For more details on the proper use and recommendations for fleece
https://www.guineapigcages.com/forum...ject-The-Study


----------



## artgecko (Nov 26, 2013)

Either get the cement mixing tubs and cut them to fit your DCN or buy the metal pans from Bass to hold bedding in. If you have no way to wash cloth liners, then you will need to use bedding. I bought the pans from Bass for my DCN and am using bedding. I got them an extra 1/2" taller (so they are 3" tall) and they keep most of the bedding in. I still have to sweep up every other day, but There is no smell from the bedding for 1-2 weeks vs. me having to change out fleece 3-4 x a week to keep smell down. I use a mix of shredded aspen with a thin layer of horse stall pellets below it. 

If you really want to try fleece / blankets, the only way I can see it possibly working is to hand wash them in the tub using detergent and vinegar / baking soda... but that would be loads of work and possibly still not get them 100% clean.


----------



## Jenniferinfl (Mar 25, 2016)

Bass pans... I love mine. Spouse was going to make me some, but, they just didn't have any light enough gauge scrap at work for him to make it out of, so, I bought some instead. 

They are awesome! A couple bedding bits still get out, but, very little. Before the pans came in I was getting so frustrated vacuuming around the cage.. lol 

As for washing, just get yourself a 5 gallon bucket and prewash before you put hammocks and things like that in the washing machine. Just add hot water, a small amount of detergent and vinegar and swish them around until you've removed any stuck on debris. Then you can put them in the washing machine without having to fish nastiness out of your washing machine later.


----------



## RatAtat2693 (Jan 13, 2016)

Jenniferinfl said:


> Bass pans... I love mine. Spouse was going to make me some, but, they just didn't have any light enough gauge scrap at work for him to make it out of, so, I bought some instead.
> 
> They are awesome! A couple bedding bits still get out, but, very little. Before the pans came in I was getting so frustrated vacuuming around the cage.. lol
> 
> As for washing, just get yourself a 5 gallon bucket and prewash before you put hammocks and things like that in the washing machine. Just add hot water, a small amount of detergent and vinegar and swish them around until you've removed any stuck on debris. Then you can put them in the washing machine without having to fish nastiness out of your washing machine later.
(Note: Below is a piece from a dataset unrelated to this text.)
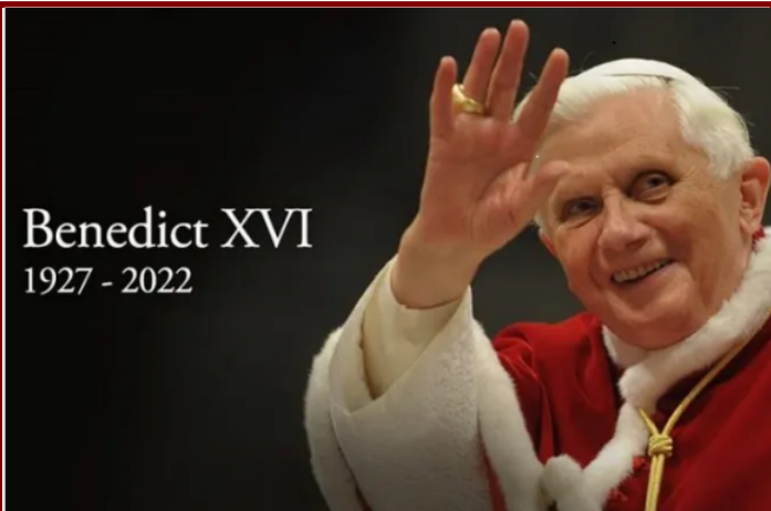
Benedict XVI 1927 - 2022

We join the Church in mourning the passing of Pope Emeritus Benedict XVI.

Where have you been all my life? Wish I had thought of that. 

I just take mine to the laundromat. They have a washer designated for horse laundry, so if anyone has any complaints, we can all point to the sign and be like, "Then don't put your clothes in there."


----------



## MeganR (Mar 25, 2016)

I actually just found something that seems to be working really well for me! I have two males. These are my first rats and I've had them for about a month and a half so I've done a lot of experimenting. _I too am quite sensitive to the smell and had been a little discouraged that their cage was smelling up the room_. Anyway, this is what is working for me, and has generally helped reduce odor all around, and created less stinky laundry to wash. 
First, I got about 3 yards of fleece from Hobby Lobby (you can use a 40% off coupon on your phone and save some money). Then I cut out rectangles about the size of the bottom part of the cage. I also made several hammocks using this method (https://www.google.com/search?q=no+...hWM7yYKHTFNCm0Q_AUICCgD#imgrc=H7lqVExeMcQJdM:)
Let me be clear that I did not strive for perfection with either of these things. LOL. 
On bottom level I place one layer of fleece and one litter box. 
For each shelve I fold another piece of fleece to fit the shelf. Then I take two pieces of paper towels and tear it into about four pieces and place in one corner. On the opposite corner I have a small, sturdy tupperware type container with litter in it. I also place two pieces of torn up paper towel in their hammock. My rats love to pee on the paper towel so it also serves to keep them and their hammock from getting super stinky (both the litter training and paper towel would not reduce laundry for you). The litter training is still in process, but they are getting better and I think I finally found a litter they like. Each day I throw out and replace all paper towels (I know it's wasteful, but until I find something better this is what is working). I also replace fleece ever day or every other day. Before throwing in the wash, I shake the fleece out. As others have said you can put vinegar in the wash, which should neutralize the urine, but generally it has not been as smelly since I have been using paper towels. Oh, and I also wipe all walking surfaces down with baby wipes every day. Overall the smell of the cage and the fleece has been significantly reduced. Also, Nature's Miracle makes a laundry detergent, but I would do some research on the safety for rats before you try that route...


----------